Our health system needs investment not cuts

I’ve been spending weekends taking my caravan around the suburbs asking people what matters to them. Week after week people say their biggest priority is fixing our health system.

Over the last two years we have been exceptionally well-served here on the North Shore as Covid-19 and the vaccination campaign heaped extra stresses on the dedicated doctors, nurses and specialists we rely on. Our high vaccination rates have saved lives and, critically, reduced the number of people needing hospitalisation.
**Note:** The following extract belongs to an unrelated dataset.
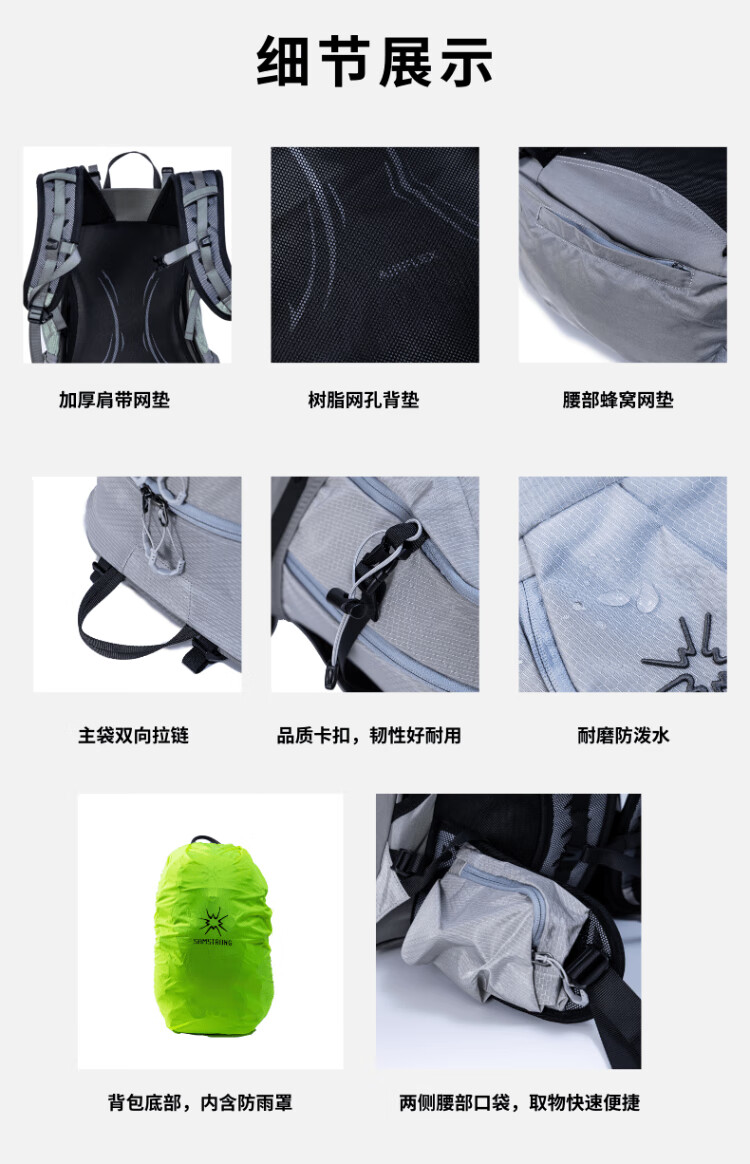 Fir Mountain Outdoor Mountaineering Bag Women's Tornado Backpack Men's Light Shoulder 30L Hiking Suspension Backpack Moss Green

At the same time we’ve seen the North Shore finally getting some much needed new investment into our hospital and local services. A new $200 million, 120-bed, elective surgery unit and four new operating theatres are under construction at North Shore Hospital and over $7 million is also being spent expanding intensive and high dependency capacity and isolation rooms. Extra support has also gone into community-based mental health services including Shore Junction’s youth wellbeing support programme. That’s a good start after a decade of under-investment, but I’m ambitious for more.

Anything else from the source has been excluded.